Mariano nos anunció que se había convocado un certamen literario en Madrid. Llevaría con él a dos alumnos del curso para participar, los dos que escribiesen el mejor relato. Cuando cada uno entregó el suyo, tan seguro estaba yo de salir escogido que ya planeaba cómo invertir lo que sería el primer premio de mi próspera y larga carrera.

Imagínense el chaco que se llevó aquel chico de trece años cuando su profesor favorito, Mariano Díaz, el que sin duda reconocería su talento, no dijo su nombre entre los seleccionados.
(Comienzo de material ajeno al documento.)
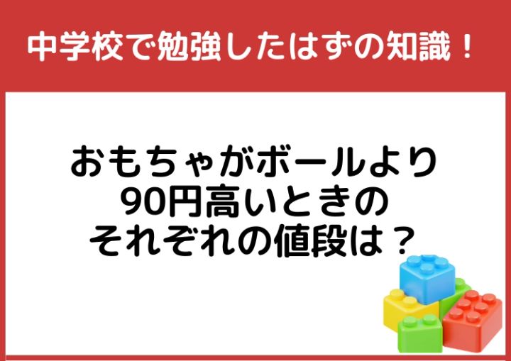 中学校で勉強したはず!「おもちゃがボールより90円高いときのそれぞれの値段」は?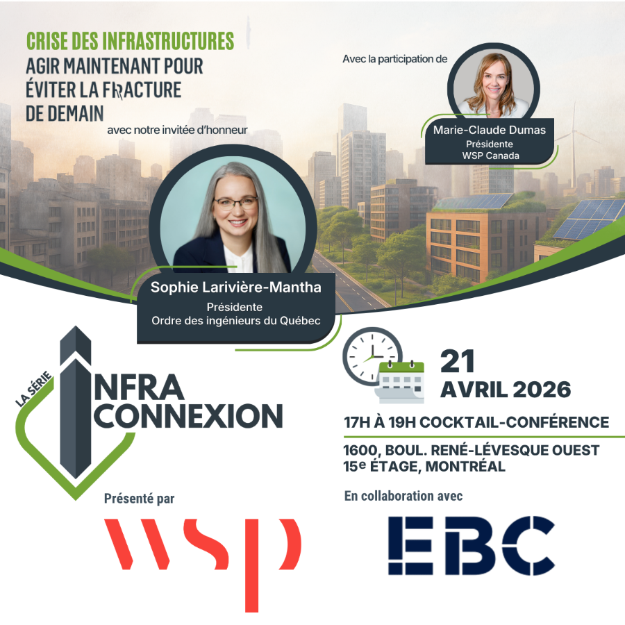 La Série Infra-Connexion amorce l’année 2026 avec une invitée d’honneur de marque qui partagera sa lecture des enjeux actuels et futurs de notre industrie. Cette soirée sera aussi l’occasion de valoriser le leadership féminin et de souligner la contribution essentielle des femmes en infrastructures.

Vio el fracaso por primera vez, vio rabia, vio un camino truncado; repasó sus textos y no encontró nada que interesase, nada que salvar entre aquellas palabras que nada significaban. Pero sobre todo se sintió traicionado.

Lo busqué a última hora y le pregunté, cabeza gacha y a media voz, qué fallaba. Por qué no me había escogido a mí. Mariano, aunque seguramente estaba deseando marcharse a descansar, buscó mi relato entre el montón, me invitó a sentarme a su lado y lo leyó detenidamente un par de veces. Después levantó la cabeza, cogió un boli y me dijo que le prestase atención.

Pasamos la siguiente hora analizando cada frase, su estructura, su significado. De cuando en cuando se levantaba y daba vueltas por el aula, lanzándome preguntas sobre el tema que trataba en el relato. Yo le respondía como buenamente podía, cada vez más convencido de que mis aspiraciones literarias eran un estupidez. Al fin me levanté dispuesto a irme, derrotado, cuando me dijo:

—Requeta, escriba hoy, mañana, pasado y al siguiente. La semana que viene tráigame un nuevo relato. Lo corregiremos juntos.

Algún tiempo después, en mi último año en aquel colegio, me lo encontré en la pasarela de entrada. Mariano se apostaba allí cada mañana, antes de que el timbre sonase, y saludaba a todo el que pasaba con su ya mítico «Buenas noches».

Me indicó con señas que me acercase. Hacía dos años que no me daba clase, dos años desde que yo le entregara mi último texto. Me preguntó si seguía escribiendo. Le respondí que sí. Pareció satisfecho.

—No se olvide de mí cuando sea famoso, ¿eh?

Me alejé de él y de sus lecciones, de aquel mundo de realidad y ficción. Aún hoy sigo intentándolo. Merecerle. Llamarle.